Dont take it with food. Take it on empty stomach or preferably mix it into your shake.


----------



## DeadBolt (Nov 16, 2003)

Sorry I should have worded that better.  I never take it on an empty stomach but I never eat with it.  I ussually take my creatine before gym and after so I would take it while I already have food in my stomach b/c of breakfast and lunch then after the gym I throw it into my shake followed by a meal an hour later.


----------



## Monolith (Nov 17, 2003)

> _*Originally posted by JJJ *_
> Dont take it with food. Take it on empty stomach or preferably mix it into your shake.



Could you explain this further, please?

Why shouldnt i take it with food?  Is it not absorbed properly by the body?  Or is it just a smaller percentage thats able to be absorbed?  If thats the case, could i circumvent that problem by just taking more?  i.e., if i would normally take 5g creatine without food, could i take 10g with food?

Thanks


----------



## Tha Don (Nov 17, 2003)

creatine and whey/dextrose/maltodextrin/bcaa/glutamine/efa's in a shake should be fine!

many of the products i use have a mixture of creatine, protein, glutamine, bcaa etc... in them

if you have your creatine shake with food i do not see much of a problem either, at breakfast i will have oats and a creatine/protein shake and post workout i'll have a creatine/protein/dextrose/maltodextrin shake

peace


----------



## BabsieGirl (Nov 17, 2003)

Take it however you want. 

Creatine taken with food reduces nausea that sometimes occurs when taken on an empty stomach. 

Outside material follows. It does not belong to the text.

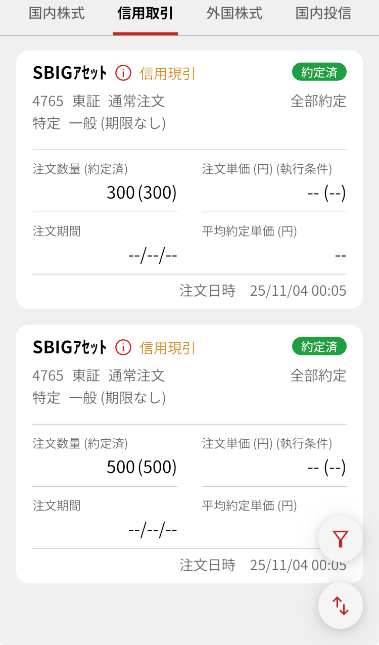 突然の最終回。2025/10/30にレーザーテック(6920)を利益確定した238万で、一般信用での信用買いしていたSBIグローバルアセットマネジメント(4765)の残800/1000株から800株すべて現引した。前回の現引報告では全500株の予定だったが、Xでお伝えした通り記念優待が出ることを知りもう500株追加して全1000株に増やしていた。

Three different types of side effects have been reported in dosages greater than 5 grams a day. These include:

*Water retention, which causes weight gain that can be mistaken for an increase in muscle mass 
*Digestive problems such as diarrhea, constipation and stomach cramps 
*Muscle cramps that occur both at rest and during activity because of to the salt-like properties of creatine


----------



## Tha Don (Nov 17, 2003)

however if your want to build muscle at least 10g a day is recommended

i say 20g loading 10g maintenance

if you don't want the mass and just creatine for endurance purposes 5g might be sufficient

but i'd always stick with 10g a day for optimum results (5g in morning and 5g post WO)

peace


----------



## Antdan (Nov 17, 2003)

The stuff I bought doesnt have a loading phase it says no loading phase needed and when I mixed  in the water it started fizzing for a little while


----------



## BabsieGirl (Nov 17, 2003)

I do 18gr a day of creatine.  No loading needed.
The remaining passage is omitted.